For organisations that encounter AI agents or intend to deploy them, it is crucial to start with the basics. This means defining and communicating clear boundaries for AI agents and other bots that may interact with your organisation or act on its behalf. This can be done through an external policy document on the website or through specific terms and conditions. This is the legal basic hygiene that every organisation should have in place from the outset.
Such documents include, among other things:
Crawling and scraping: You determine which data may be accessed and collected, and under which conditions.
Explicit copyright reservation: You decide whether TDM in relation to your content is permitted or not.
Use of personal data: You specify whether and which personal data on your website may be used.
Authority to act: You define which types of agreements AI agents may or may not conclude on behalf of a person or organisation, and possibly up to what value.
Limitation of liability: By including a limitation of liability, you determine the extent to which you are liable for incorrect actions of an AI agent.

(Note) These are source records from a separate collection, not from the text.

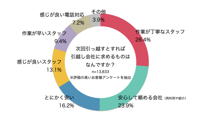例えば「引越しはとにかく安ければ良い」と思われがちですが、実際には「安さよりも信頼や安全」ということが、アンケート結果からわかります。
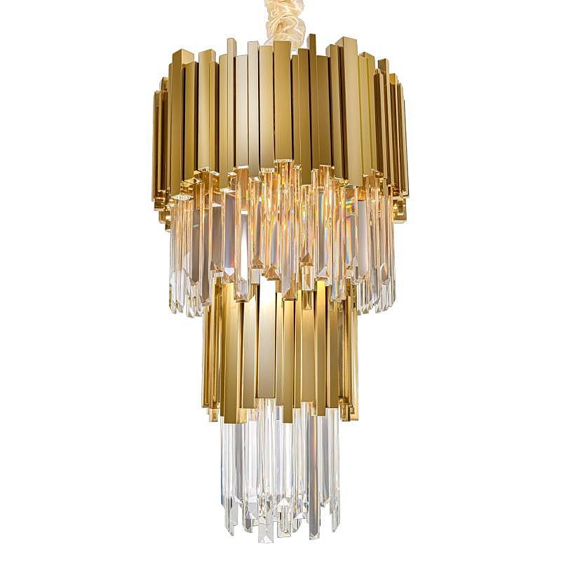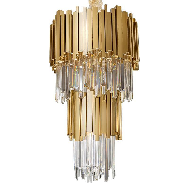 Допускается отличие страны-изготовителя, указанной в характеристиках. Линии производства могут находиться в нескольких государствах. Это не влияет на качество изготовления товара: все заводы данного бренда работают по общим стандартам, а готовые изделия проходят соответствующий контроль.Италия Коллекция Empire ЦветЦвет арматуры Золото, Шампань Материал арматуры Металл Цвет плафона прозрачный Материал плафона Стекло РазмерыВысота (мм) 700 Диаметр (мм) 350 Ширина (мм) 350 ЭлектрикаКоличество ламп (шт) 5 Цоколь E14 Мощность лампы (Вт) 40 Напряжение (В) 220 Дополнительная информацияТип подвеса На цепи -
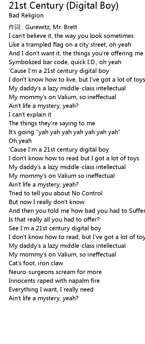 | ' Cause I' m a 21st century digital boy | |
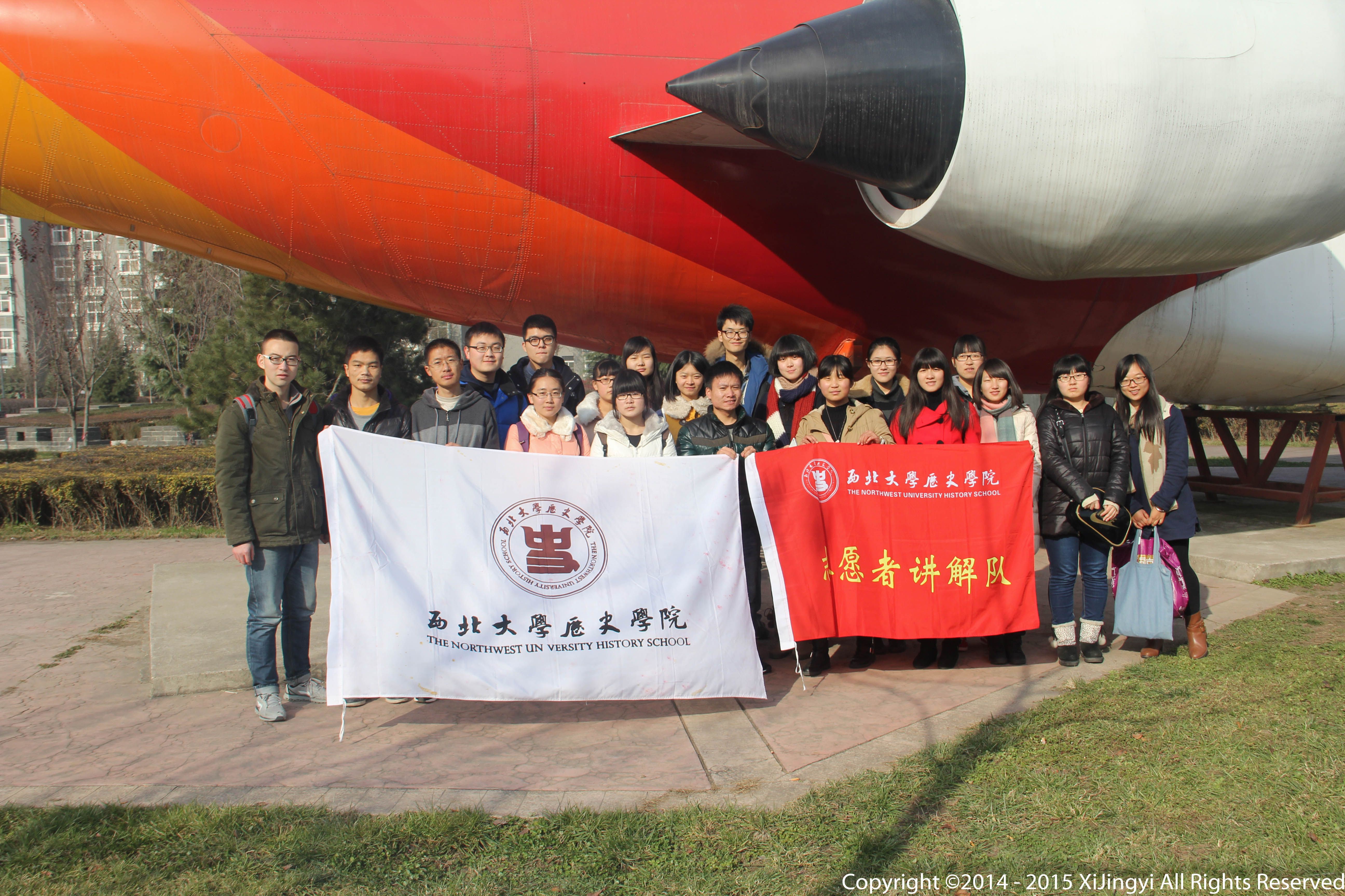 20141213日星期六,太阳成集团tyc122ccvip陕西历史博物馆志愿者讲解队的21位同学在队长冯茹同学的带领下于下午一点半到达西北工业大学长安校区,与西工大自动化专业的二十余名同学进行了有关历史文物和航空模型方面的交流。
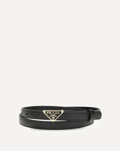 Triangle Logo Saffiano Thin Leather Belt In Black
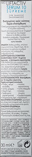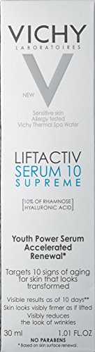 Targets 10 signs of ageing for skin that looks transformed Liftactiv Serum 10 Supreme targets 10 signs of ageing whilst accelerating surface skin cell renewal. With over 10 years of research and 10 proofs behind it, including instrumental and clinical tests, it is Vichy's most powerful firming serum. Targets 10 signs of ageing for skin that looks transformed10 signs of ageing look improved: 1. Wrinkles2. Loss of firmness3. An uneven complexion4. Dullness5. Fine lines6. Tired features7. A loss of tonicity8. Dehydrated skin9. A loss of plumpness10. Signs of fatigue New formula vs Old Formula. Tested under dermatological control. Suitable for sensitive skin. Hypoallergenic. No Parabens.
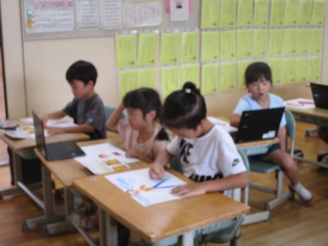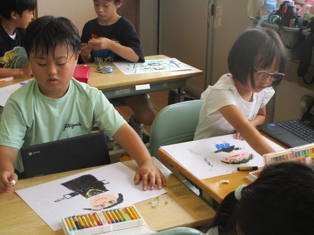 1年生 図工 先生あのね 公開日 2025/10/08 更新日 2025/10/08 1年生 「先生あのね」という題材で絵を描く学習をしています。子供たちが大好きなパパ・ママのことを先生に教えてねというと、子供たちはさっそく思い思いの絵を描き始めました。
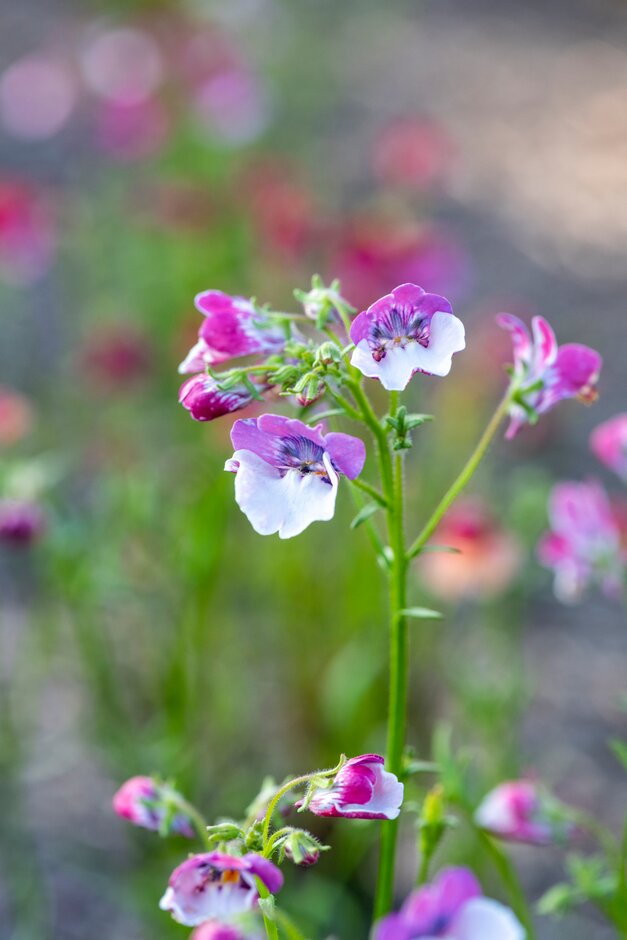 Nemesia can be annuals, perennials or sub-shrubs of bushy habit, with simple, opposite leaves and 2-lipped flowers in short racemes or solitary in the leaf axils
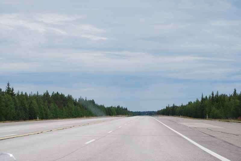 Die Runway, in deren Wendehammer wir übernachteten. Wenn Finnland mal gerade nicht Krieg führt, führt hier die Landstraße lang.

To help organisations with this first step, we have developed a free AI Agent Policy Generator. This allows you to easily generate an AI Agent Policy. Based on a short questionnaire, a document is automatically created that specifically addresses the topics listed above. You can then publish this document on your website, for example in a visible location such as the footer, and optionally with a clickwrap for explicit acceptance by the user.
The output of our generator is more than just a policy document. The annex to the document also contains instructions, based on your answers, for bots in a format suitable for a robots.txt file for your website. This is practical, as a robots.txt file is still the prevailing standard for communicating with crawlers, scrapers, AI agents and similar bots.
Are the topics mentioned above essential for you? If so, consider incorporating them into your terms and conditions (which are properly provided) and implementing additional technical measures against scraping and TDM. Where necessary, one of our specialists will be happy to assist you with drafting and implementing such terms or a robots.txt file.
But what about enforcement? In practice, this can present challenges and is sufficient material for a separate blog. I will leave this aside for now.
Once the first step has been taken, the next essential step is to implement risk-based governance for AI agents, whereby:
the context and application areas of the AI agent(s) for your organisation are defined (third-party AI agents and or proprietary AI agents);
a targeted risk analysis is carried out (including compliance risks);
concrete technical and organisational control measures are documented in a risk treatment plan;
the control measures are effectively implemented.
This targeted approach, tailored to the specific context of the organisation, aligns well with the risk-based approach of, among others, the AI Act and provides concrete tools to manage risks effectively.
Do you need support with this second step? Feel free to contact one of our compliance specialists.
The rise of AI agents marks yet another chapter in digital transformation. It remains to be seen how the capabilities of AI agents will develop over the coming years. It is also important that universal technical standards are developed, including for general opt-outs by rightholders for TDM, which are machine-readable and binding on bots.1
However, it is essential that organisations start evolving alongside these developments now. This requires awareness, practical solutions and a proactive approach to potential risks. Only by bringing these elements together can we ensure that AI agents are framed and deployed responsibly, in a way that does justice to both the innovative power and the societal impact of this technology.
Use our free AI Agent Policy Generator to immediately create a policy document and accompanying robots.txt guidance. Complete the short questionnaire and download the free report.
1 The European Commission has also launched a tender for a feasibility study into a central register of opt-outs in the context of the exception for TDM.